Please note that the following document, although believed to be correct at the time of issue, may not represent the current position of the CRA.
Prenez note que ce document, bien qu'exact au moment émis, peut ne pas représenter la position actuelle de l'ARC.
Principal Issues: Whether Article XXX(5) of the Treaty applies to limit the application of the 15% reduced withholding tax rate provided for in Article XXIII of the Treaty to a dividend paid by a Canadian-resident corporation to a Canadian-resident trust, and deemed to have been received, under subsection 104(19), by a Barbados-resident beneficiary of the trust that is subject to tax on a remittance basis in Barbados.
Position: In order for the benefit of the 15% reduced withholding tax rate in Article XXIII of the Treaty to apply to the trust distribution, the non-resident beneficiary of the trust would have to establish, based on supporting relevant documentary evidence, that the dividend has been remitted and taxed in Barbados in conformity with the law in force in Barbados.
Reasons: Previous positions and application of Articles XXIII(3) and XXX(5) of the Treaty.
October 5, 2021
Mr. Denis Robichaud Income Tax Rulings Directorate
Auditor International Division
XXXXXXXXXX Jean-Bernard Dion
Article XXX(5) Canada-Barbados Tax Treaty
This is in response to your request for a technical interpretation dated June 1st, 2021, wherein you requested our views on the application of the Agreement Between Canada and Barbados for the Avoidance of Double Taxation and the Prevention of Fiscal Evasion With Respect to Taxes on Income and on Capital, signed on January 22, 1980 and amended by Protocol of November 8, 2011 (the “Treaty”).

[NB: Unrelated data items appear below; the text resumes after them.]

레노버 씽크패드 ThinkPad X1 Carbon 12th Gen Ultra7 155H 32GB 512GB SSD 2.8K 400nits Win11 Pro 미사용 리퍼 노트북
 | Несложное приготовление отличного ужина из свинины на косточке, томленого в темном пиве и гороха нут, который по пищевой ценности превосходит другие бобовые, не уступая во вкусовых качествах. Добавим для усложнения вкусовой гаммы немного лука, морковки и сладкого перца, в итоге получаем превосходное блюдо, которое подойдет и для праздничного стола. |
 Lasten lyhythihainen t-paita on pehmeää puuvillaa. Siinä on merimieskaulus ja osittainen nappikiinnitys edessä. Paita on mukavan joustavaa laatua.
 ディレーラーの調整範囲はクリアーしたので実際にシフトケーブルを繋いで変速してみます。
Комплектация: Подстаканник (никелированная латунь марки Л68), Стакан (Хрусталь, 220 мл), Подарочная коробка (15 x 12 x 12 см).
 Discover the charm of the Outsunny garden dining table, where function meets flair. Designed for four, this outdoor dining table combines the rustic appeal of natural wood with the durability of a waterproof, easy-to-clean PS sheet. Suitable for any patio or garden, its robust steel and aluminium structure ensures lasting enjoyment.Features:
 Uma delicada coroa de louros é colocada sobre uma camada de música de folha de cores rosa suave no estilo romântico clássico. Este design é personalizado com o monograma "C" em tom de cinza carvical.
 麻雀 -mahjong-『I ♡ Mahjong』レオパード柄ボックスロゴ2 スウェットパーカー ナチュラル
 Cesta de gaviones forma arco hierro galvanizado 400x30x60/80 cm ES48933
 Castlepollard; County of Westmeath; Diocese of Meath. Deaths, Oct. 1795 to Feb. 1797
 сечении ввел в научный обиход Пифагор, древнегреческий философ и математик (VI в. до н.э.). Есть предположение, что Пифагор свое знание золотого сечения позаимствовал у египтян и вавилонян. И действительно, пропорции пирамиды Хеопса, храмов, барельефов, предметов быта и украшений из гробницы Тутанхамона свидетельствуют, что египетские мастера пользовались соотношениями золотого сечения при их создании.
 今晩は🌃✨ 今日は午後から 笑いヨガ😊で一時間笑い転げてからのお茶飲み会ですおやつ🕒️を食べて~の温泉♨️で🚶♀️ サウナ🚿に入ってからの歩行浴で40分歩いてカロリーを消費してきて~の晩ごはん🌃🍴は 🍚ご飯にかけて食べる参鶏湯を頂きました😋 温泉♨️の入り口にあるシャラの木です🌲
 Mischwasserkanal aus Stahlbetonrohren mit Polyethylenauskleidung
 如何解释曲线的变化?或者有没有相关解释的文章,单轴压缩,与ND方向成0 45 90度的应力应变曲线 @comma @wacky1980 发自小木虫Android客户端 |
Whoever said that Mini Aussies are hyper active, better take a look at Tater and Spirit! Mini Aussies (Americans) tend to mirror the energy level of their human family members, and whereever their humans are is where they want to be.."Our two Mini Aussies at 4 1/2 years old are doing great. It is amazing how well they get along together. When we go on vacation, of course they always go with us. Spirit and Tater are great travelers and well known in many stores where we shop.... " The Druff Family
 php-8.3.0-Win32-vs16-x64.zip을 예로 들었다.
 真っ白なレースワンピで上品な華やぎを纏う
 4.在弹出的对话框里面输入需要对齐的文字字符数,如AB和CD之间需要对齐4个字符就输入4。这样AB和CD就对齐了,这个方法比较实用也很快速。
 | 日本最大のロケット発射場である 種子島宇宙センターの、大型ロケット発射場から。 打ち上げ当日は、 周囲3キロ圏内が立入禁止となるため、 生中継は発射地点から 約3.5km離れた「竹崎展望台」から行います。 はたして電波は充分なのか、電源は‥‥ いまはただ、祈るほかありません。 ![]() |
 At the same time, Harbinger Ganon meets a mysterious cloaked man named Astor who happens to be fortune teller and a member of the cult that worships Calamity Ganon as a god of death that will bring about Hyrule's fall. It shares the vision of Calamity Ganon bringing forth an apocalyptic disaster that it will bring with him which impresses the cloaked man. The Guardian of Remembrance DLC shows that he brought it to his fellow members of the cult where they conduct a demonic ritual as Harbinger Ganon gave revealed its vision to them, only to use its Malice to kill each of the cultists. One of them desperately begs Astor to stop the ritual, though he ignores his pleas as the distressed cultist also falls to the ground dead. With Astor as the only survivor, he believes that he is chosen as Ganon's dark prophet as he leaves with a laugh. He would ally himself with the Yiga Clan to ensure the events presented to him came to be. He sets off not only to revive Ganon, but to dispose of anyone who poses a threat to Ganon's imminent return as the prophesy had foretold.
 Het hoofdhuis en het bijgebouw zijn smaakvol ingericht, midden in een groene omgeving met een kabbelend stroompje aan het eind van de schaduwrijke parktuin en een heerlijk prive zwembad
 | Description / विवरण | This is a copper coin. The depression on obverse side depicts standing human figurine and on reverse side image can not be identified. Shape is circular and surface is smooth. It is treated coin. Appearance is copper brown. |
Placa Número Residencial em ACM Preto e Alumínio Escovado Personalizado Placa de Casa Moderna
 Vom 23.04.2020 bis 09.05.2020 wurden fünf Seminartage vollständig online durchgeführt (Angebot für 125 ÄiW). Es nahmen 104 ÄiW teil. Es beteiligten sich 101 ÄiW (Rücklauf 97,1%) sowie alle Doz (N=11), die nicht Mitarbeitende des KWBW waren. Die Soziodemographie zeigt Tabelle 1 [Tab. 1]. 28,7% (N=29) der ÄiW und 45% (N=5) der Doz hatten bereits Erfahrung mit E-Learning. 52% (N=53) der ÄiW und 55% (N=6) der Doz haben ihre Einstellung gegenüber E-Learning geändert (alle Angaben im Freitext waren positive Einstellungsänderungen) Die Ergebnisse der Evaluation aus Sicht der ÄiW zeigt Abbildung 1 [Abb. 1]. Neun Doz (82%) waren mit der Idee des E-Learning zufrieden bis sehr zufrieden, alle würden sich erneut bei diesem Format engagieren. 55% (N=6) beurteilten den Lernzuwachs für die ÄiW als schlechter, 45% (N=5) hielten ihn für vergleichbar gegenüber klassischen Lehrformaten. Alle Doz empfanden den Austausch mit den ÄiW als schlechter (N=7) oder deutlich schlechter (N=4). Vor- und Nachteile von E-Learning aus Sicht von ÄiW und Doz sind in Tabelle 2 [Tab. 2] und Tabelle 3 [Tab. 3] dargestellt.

Unless otherwise stated, all references to an Article or subset thereof are to the equivalent Article or subset thereof of the Treaty, all other statutory references are to the equivalent provision under the Income Tax Act, R.S.C. 1985 (5th Supp.), c.1, as amended, and all terms and conditions used herein that are defined in the Treaty (e.g.: “resident” as defined in Article IV) have the meaning given in such definition unless otherwise indicated. The singular should be read as plural and vice versa, where the circumstances so require.
In a situation where a cash dividend and a dividend in kind (the “Dividends”) are paid by a corporation resident in Canada to a personal discretionary trust also resident in Canada and that the Dividends are deemed to be received, under subsection 104(19), by an income beneficiary of the trust (the “NR-Beneficiary”) that is resident, but not domiciled in Barbados under the law in force in Barbados, you asked the following question:
Would the Dividends that are deemed to be received by the NR-Beneficiary under subsection 104(19) (the “Trust Income”) be subject to withholding tax, under paragraph 212(1)(c), at a reduced rate of 15%, by virtue of Article XXIII(3) and Article XXX(5)?
1. The Act
Paragraph 212(1)(c) provides that any amount a person resident in Canada pays or credits to a non-resident person as income from an estate or trust that is included in computing the income of the non-resident person under subsection 104(13) is subject to a withholding tax at a rate of 25%.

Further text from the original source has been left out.